:: RAW DATA
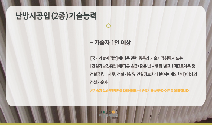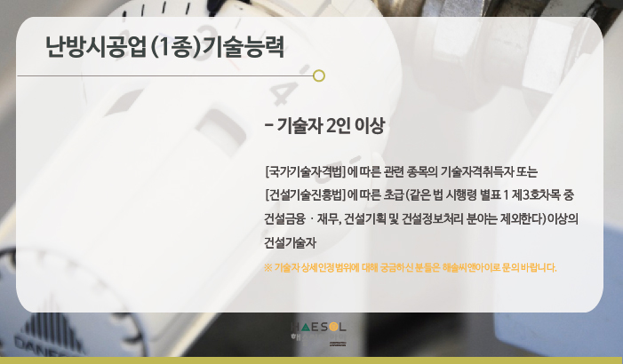 난방시공업면허의 1종은 2인 2, 3종은 1인 이상의 기술자격취득자를 준비하셔야만 합니다.
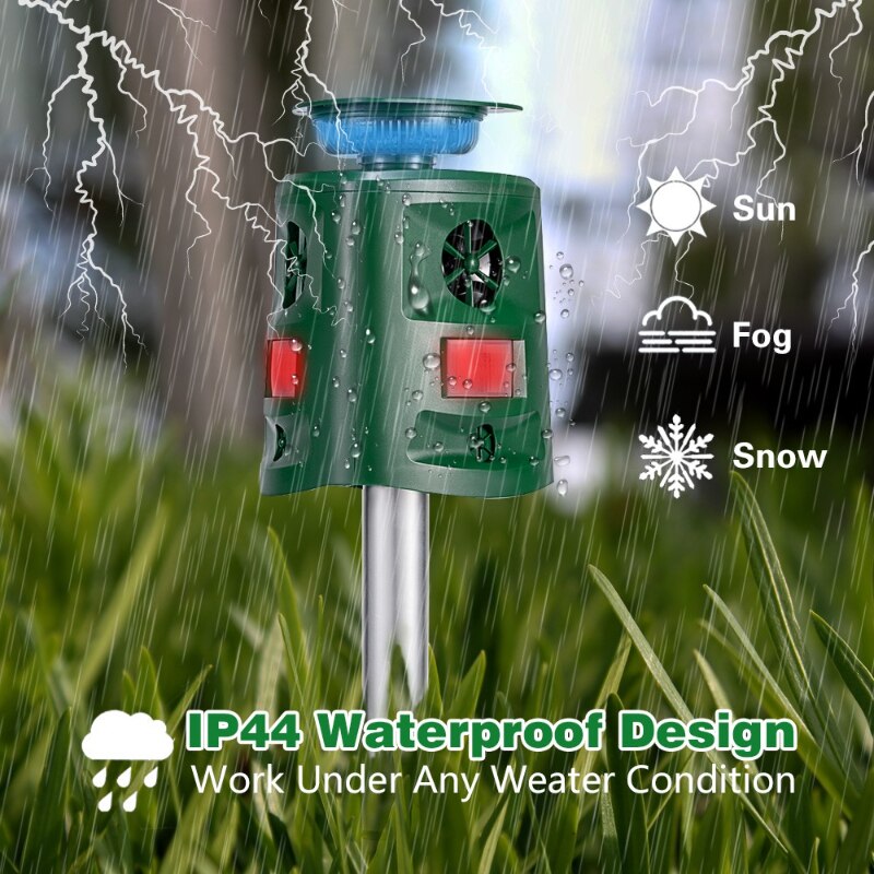 Effiziente und umweltbewusste Tierabwehr durch Solarenergie: Stört es Sie, dass Tiere Ihr Zuhause und Ihren Garten betreten und beschädigen? Dieses Tierabwehrsystem für den Außenbereich ist tierfreundlich und sicher. Es verwendet Ultraschallwellen, die ausschließlich von Tieren wahrgenommen werden, und stellt eine umweltfreundliche Lösung mithilfe von Solarenergie dar. Der integrierte Bewegungssensor schützt sowohl Ihre Familie als auch die Umwelt.
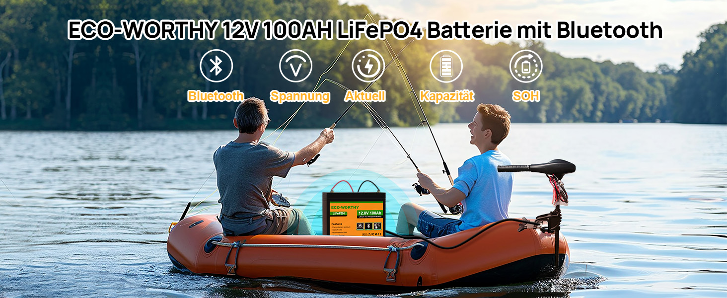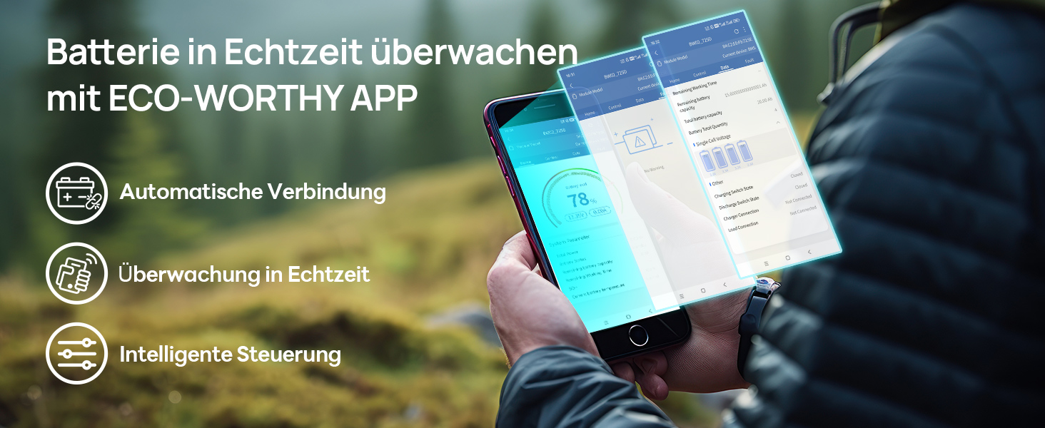 ECO-WORTHY 100AH Lithium-Eisen-Phosphat-Akku Unterstützt Bluetooth-Konnektivität für die Echtzeit-Überwachung des Akkustatus.
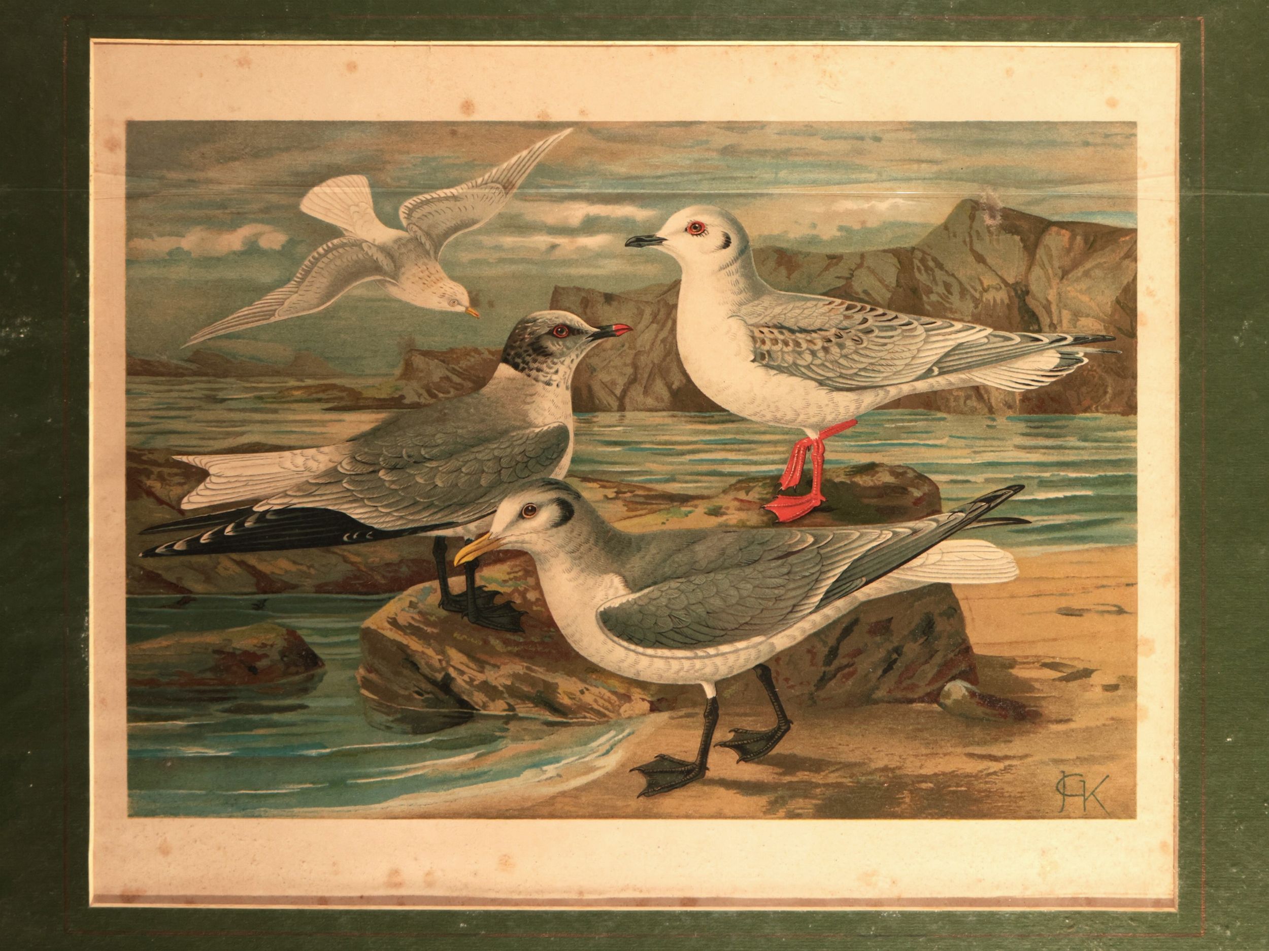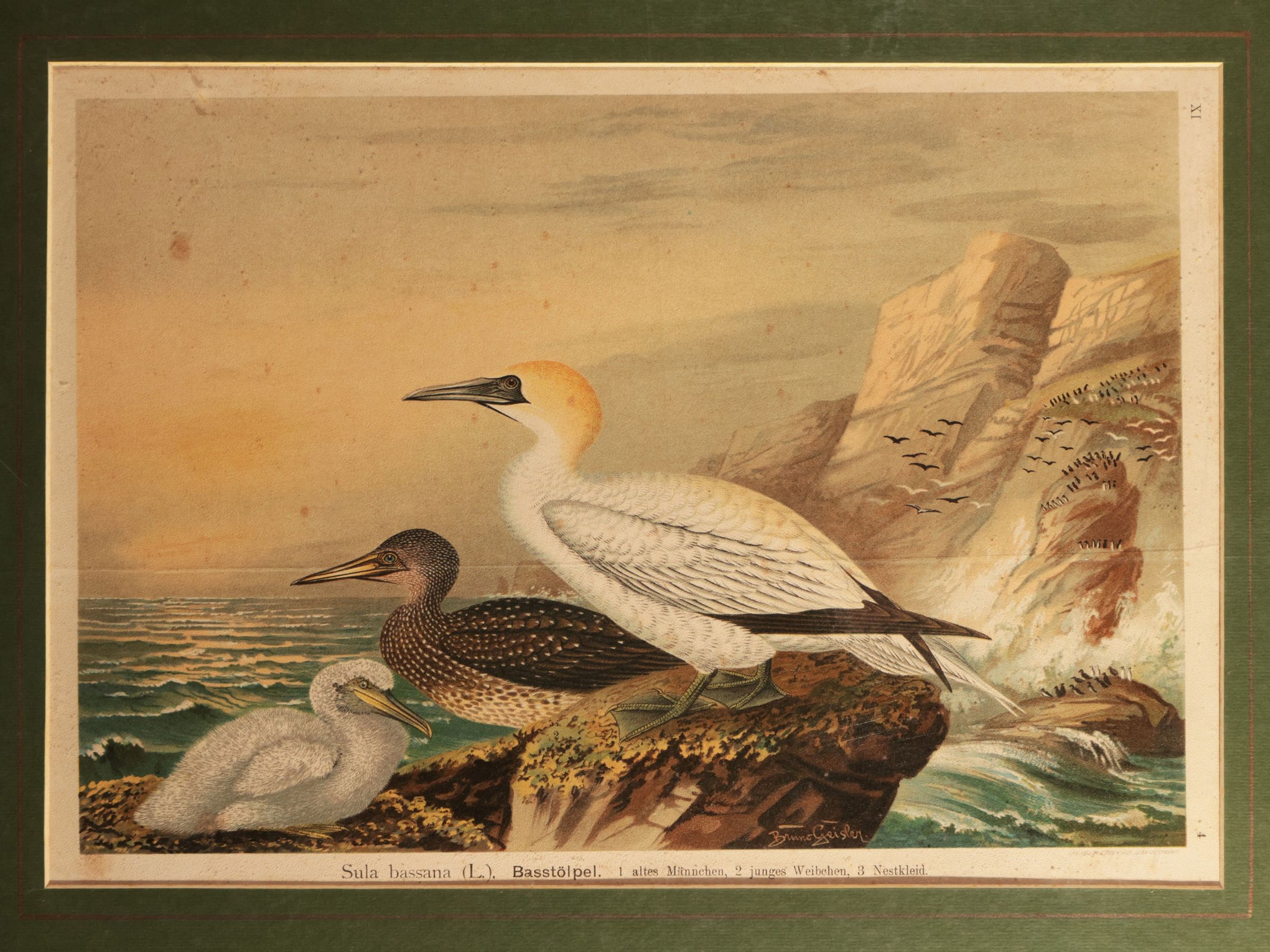 Fine del XIX secolo sei litografie con passe-partout raffiguranti varie specie di uccelli, lievi tracce di foxing
::::
**REQUIRED WORK**: Leaving images out, please output every line of the data exactly.

**RESULT FOR THIS TASK**:
 난방시공업면허의 1종은 2인 2, 3종은 1인 이상의 기술자격취득자를 준비하셔야만 합니다.
 Effiziente und umweltbewusste Tierabwehr durch Solarenergie: Stört es Sie, dass Tiere Ihr Zuhause und Ihren Garten betreten und beschädigen? Dieses Tierabwehrsystem für den Außenbereich ist tierfreundlich und sicher. Es verwendet Ultraschallwellen, die ausschließlich von Tieren wahrgenommen werden, und stellt eine umweltfreundliche Lösung mithilfe von Solarenergie dar. Der integrierte Bewegungssensor schützt sowohl Ihre Familie als auch die Umwelt.
 ECO-WORTHY 100AH Lithium-Eisen-Phosphat-Akku Unterstützt Bluetooth-Konnektivität für die Echtzeit-Überwachung des Akkustatus.
 Fine del XIX secolo sei litografie con passe-partout raffiguranti varie specie di uccelli, lievi tracce di foxing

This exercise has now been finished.